How to complete this task ▸ Set down the listing exactly as given, minus images.
Input Start Marker
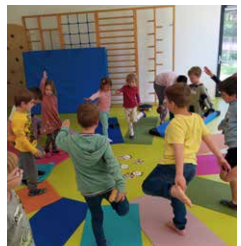
Die Kinder machen bei den Yogaübungen begeistert mit.
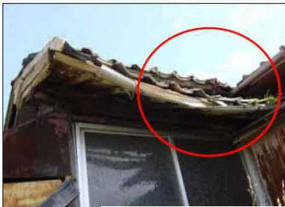
屋根が変形している、軒や雨樋が垂れ下がっており、落下飛散の恐れがある例 （屋根ふき材、ひさし又は軒）
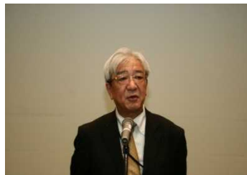
開会挨拶(谷本局長)
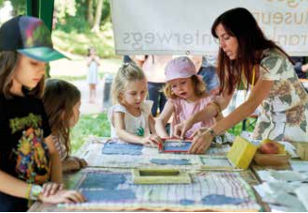
links: Beim Papierschöpfen entsteht Neues aus Altem.
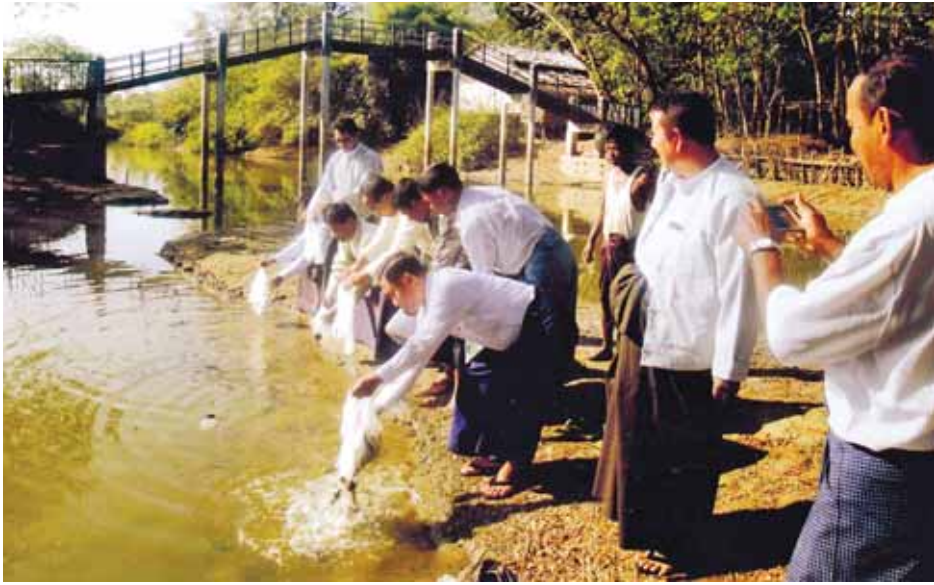
ဦးစီးဌာန မြို့နယ်အုပ်ချုပ်ရေးမှူးအုပ်ချုပ်ရေးမှူးတို့က ကျေးရွာနေ ငါးမွေးတောင်သူများထံ ငါးမျိုးများ ထောက်ပံ့ပေးပြီး လယ်ကြားကန် ဆိုင်ရာအကြီးအကဲများနှင့် ကျေးရွာ မြောင်းများအတွင်း ငါးမျိုးများစိုက်ထည့်ပေးခဲ့ကြောင်း သိရသည်။
Input End Marker
Answer area ▸
Die Kinder machen bei den Yogaübungen begeistert mit.
屋根が変形している、軒や雨樋が垂れ下がっており、落下飛散の恐れがある例 （屋根ふき材、ひさし又は軒）
開会挨拶(谷本局長)
links: Beim Papierschöpfen entsteht Neues aus Altem.
ဦးစီးဌာန မြို့နယ်အုပ်ချုပ်ရေးမှူးအုပ်ချုပ်ရေးမှူးတို့က ကျေးရွာနေ ငါးမွေးတောင်သူများထံ ငါးမျိုးများ ထောက်ပံ့ပေးပြီး လယ်ကြားကန် ဆိုင်ရာအကြီးအကဲများနှင့် ကျေးရွာ မြောင်းများအတွင်း ငါးမျိုးများစိုက်ထည့်ပေးခဲ့ကြောင်း သိရသည်။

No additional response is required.